Need: ADA Aquasoil Amazonia and maybe some nice driftwood and or rocks for my 24G to get it started.

Also Still looking for this fish "Goo Obo Gudgeon" (Mogurnda nesolepis).

Want some of those nice DP's Kirt has as well but need to plant and establish the tank first...


----------



## turtlehead (Nov 27, 2004)

Yea, I know Greg, but man they look nice. High demand.... sucks. AF was still getting seiryu from ADA this summer.

My option 2 is Chinese Zebra Rock, can Kirt get that?


----------



## Kitishane (Nov 17, 2006)

Justintoxicated said:


> Also Still looking for this fish "Goo Obo Gudgeon" (Mogurnda nesolepis).


I was told, by Kirt, to go thru Tanner (RarefishatLAX) on AquaBid. I guess he is the breeder that Kirt does a lot of business with, and is a friend of his. If I understand correctly, Tanner has been the one handling the brunt of the breeding of this fish here in the US.

AquaBid.com - Your Aquatic Auction Website

That's a current auction he has up. 6 fish for $60 is a very decent price, seeing as a single fish is going for about $34.99 on other sites! Once my 100g is finished cycling, and I feel comfortable adding fish in, I know I'll be picking some of these up, as Goo-Obo Gudgeons have become my new passion (aside from clown loaches).


----------



## orthikon (Feb 16, 2006)

20 or so True Rummynose tetras
6 or so otocinclus


----------



## frozenoak (Jul 30, 2005)

If they can be had I would like to get a some of the following,

Royal Black Emperor Tetra
Corry Cat
Otto
Algae eating shrimp
Dwarf Puffer
and a surface feader.

I am not sure on the quantitys that will depend on the price and availbility
dale


----------



## mora (Aug 16, 2005)

i'm looking for some apistos,and 2 pairs of dario dario bengalensis(scarlet dario).and some crystal red shrimps.
cesar m.


----------



## Cassie (May 27, 2006)

some dwarf cories would really tempt me, especially if they were habrosus...


----------



## allaboutfish (Sep 16, 2006)

Hello Everyone,

I am doing my best to get the fish, plants and supplies on everyone's "wish list." I have restocked on a lot of ADA product, I do not have anymore Stone, as it was not available for shipment this week.
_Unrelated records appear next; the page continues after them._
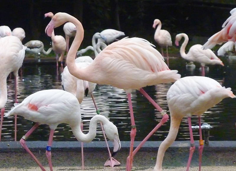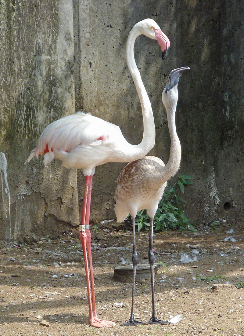この時期になるとフラミンゴは次の繁殖に向けた準備を始めます。賑やかに鳴き交わしながら、体の色が濃いピンク色になったヨーロッパフラミンゴたちが、首を左右に振っている姿が見られるかと思います。よく見ると嘴だけ灰色のものや、全身灰色のフラミンゴも紛れていることがあります。多摩動物公園で昨年から今年にかけて生まれた若いフラミンゴについてお伝えします。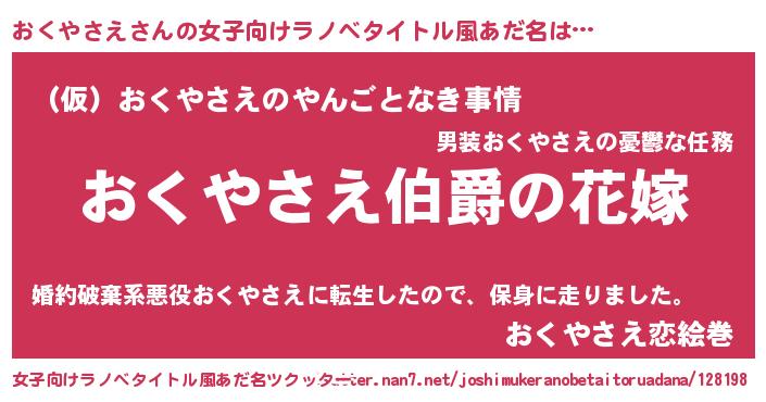 | 意味不明あだ名 | 『おくやさえフォーエバー』 |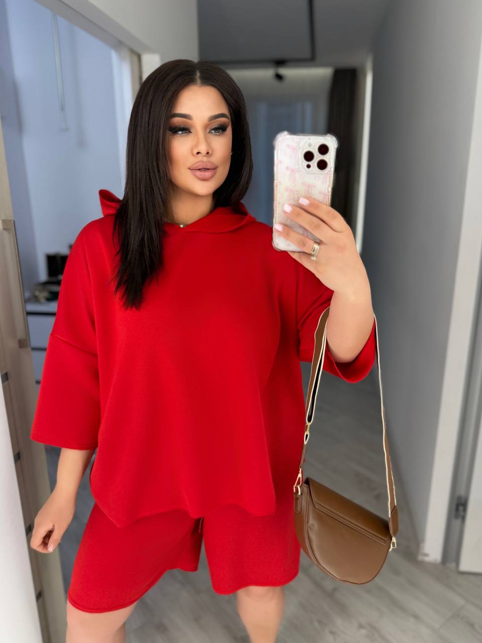 Описание: прогулочный костюм ,футболка с шортами,свободного кроя с необработанными краями

I did get more Old Black Wood, and a ton of Malaysian. The Black Wood is already going quickly.

I am WELL stocked on Soils, 9L and 3L. Also have Bright Sand, and Sarawak Sand.
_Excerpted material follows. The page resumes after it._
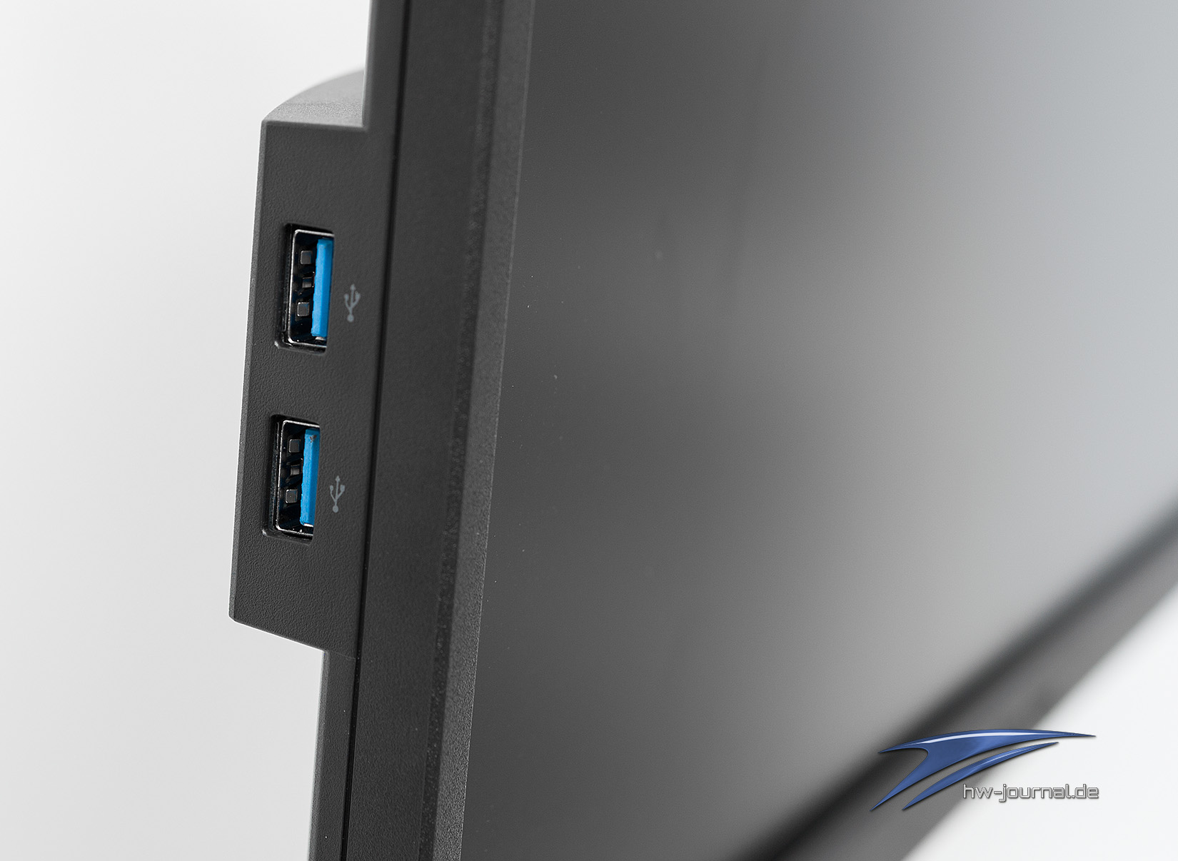 Um mit dem Bildschirm in Kontakt treten zu können, setzt Viewsonic auf aktuelle Standards. Mit jeweils einem Display-Port, HDMI- und VGA-Anschluss sollte für jeden Bürorechner die richtige Kommunikationsschnittstelle für eine Bildwiedergabe vorhanden sein. Zusätzlich hat Viewsonic noch einen USB-Hub im Bildschirm untergebracht, der vier USB-3.0 Anschlüsse bereitstellt. Für die Erreichbarkeit wurden zwei dieser Anschlüsse auf die linke Seite im Rahmen integriert, die anderen beiden sitzen neben den restlichen Schnittstellen auf dem Anschlusspanel.

I will do the best I can for plants this week, but the supplier needed better lead time for some of the items that have been requested. Will see what I can do....

I am working on as many of the fish species as possible. I will be picking them up on Wednesday and Friday.

I look forward to seeing you Saturday,

Kirt
All About Fish
2535 E. Broadway Ave
Long Beach, CA 90803
562-438-4148


----------



## allaboutfish (Sep 16, 2006)

Hello,

I just wanted to give everyone a heads up on what I can do for the meeting.

Unfortunately, simply due to shipping costs, I cannot discount ADA products. I am actually going to have to raise the 9L soil to $38.99 ( I am already cheaper than you can buy in SF.) I will maintain the price of $34.99 for the meeting though.

I will offer a 25% dicount on all plants and fish. And 15% discount on all dry goods. Just show your SCAPE card! haha.

I look forward to seeing everyone and hope you all have a great time. I cannot wait to trade some plants and hear what everyone has to say.

Thanks,

Kirt


----------



## epicfish (Sep 11, 2006)

Guess we gotta go print up some SCAPE cards now. 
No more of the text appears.